Write out the records that follow exactly. Do not include pictures.

Collected data entries
■ ■ ■ ■ ■

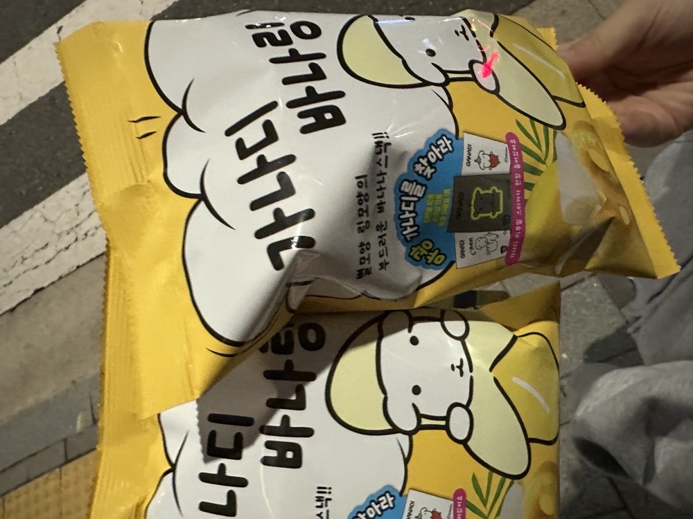 과자는 그냥 바나나 맛 초코 입힌 과자. 근데 띠부실이 너무 ㄱㅇㅇ💕 레어 나왔으면 좋겠는데 가나디는 다 귀여우니까 용서된다.
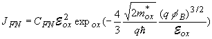 Fowler-Nordheim tunneling has been studied extensively in Metal-Oxide-Semiconductor structures where it has been shown to be the dominant current mechanism, especially for thick oxides. The basic idea is that quantum mechanical tunneling from the adjacent conductor into the insulator limits the current through the structure. Once the carriers have tunneled into the insulator they are free to move within the valence or conduction band of the insulator. The calculation of the current is based on the WKB approximation (as derived section 3.3.4) yielding the following relation between the current density, JFN, and the electric field in the oxide, |
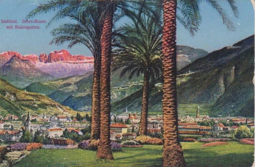 Sudtirol. Gries-Bozen mit Rosengarten.
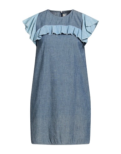 woven, denim effect, tiered, two-tone, crewneck, short sleeves, unlined, zipper fastening, hook fastenings, multipockets, side slit hemline, flared dress
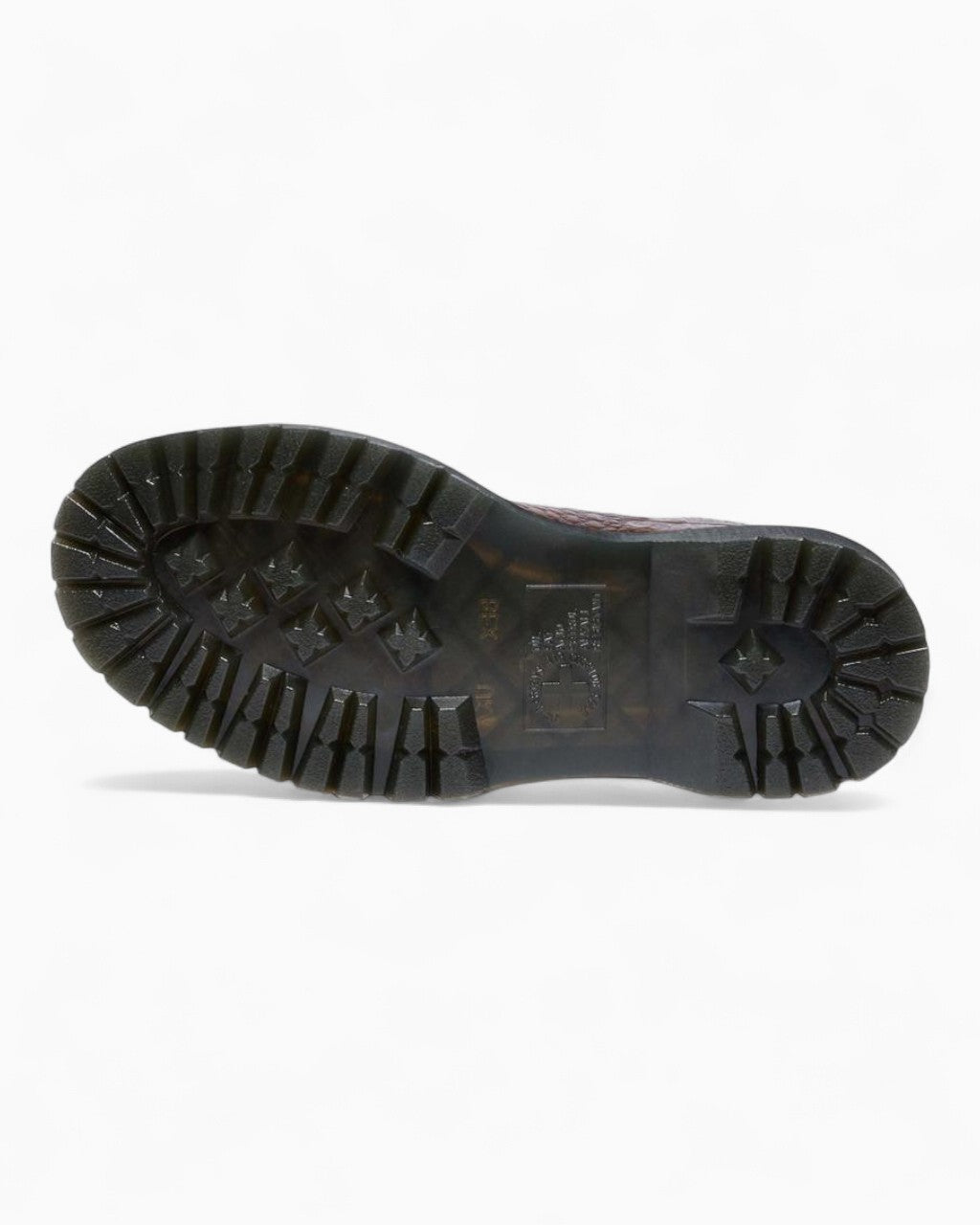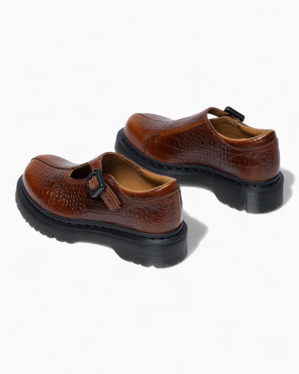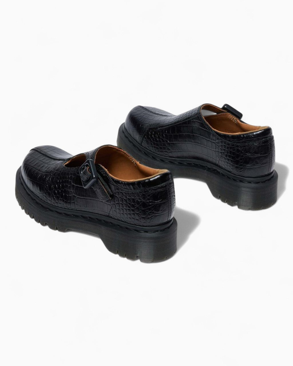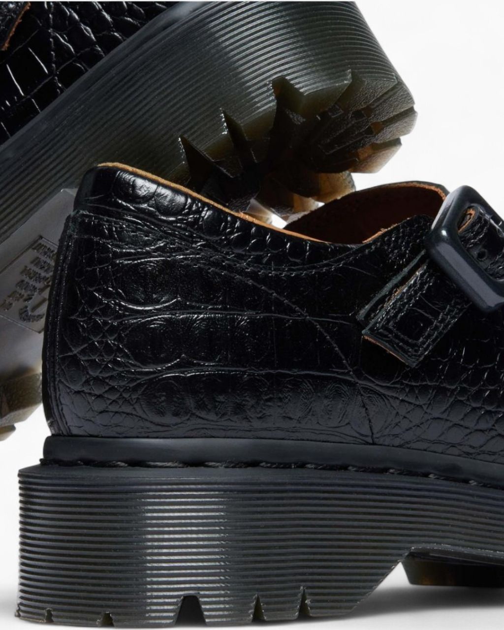 The Rejena Mary Jane passionately reimagines the classic silhouette with a bold, refined touch. Crafted from croc-embossed Analine leather, it stands out with its asymmetric cut, single buckle strap, and squared bump toe that redefine elegance. Completed with a smoke-grey Bex platform sole and signature black welt stitching, it retains the unmistakable Dr. Martens attitude.

■ ■ ■ ■ ■

Exercise solution -
 과자는 그냥 바나나 맛 초코 입힌 과자. 근데 띠부실이 너무 ㄱㅇㅇ💕 레어 나왔으면 좋겠는데 가나디는 다 귀여우니까 용서된다.
 Fowler-Nordheim tunneling has been studied extensively in Metal-Oxide-Semiconductor structures where it has been shown to be the dominant current mechanism, especially for thick oxides. The basic idea is that quantum mechanical tunneling from the adjacent conductor into the insulator limits the current through the structure. Once the carriers have tunneled into the insulator they are free to move within the valence or conduction band of the insulator. The calculation of the current is based on the WKB approximation (as derived section 3.3.4) yielding the following relation between the current density, JFN, and the electric field in the oxide, |
 Sudtirol. Gries-Bozen mit Rosengarten.
 woven, denim effect, tiered, two-tone, crewneck, short sleeves, unlined, zipper fastening, hook fastenings, multipockets, side slit hemline, flared dress
 The Rejena Mary Jane passionately reimagines the classic silhouette with a bold, refined touch. Crafted from croc-embossed Analine leather, it stands out with its asymmetric cut, single buckle strap, and squared bump toe that redefine elegance. Completed with a smoke-grey Bex platform sole and signature black welt stitching, it retains the unmistakable Dr. Martens attitude.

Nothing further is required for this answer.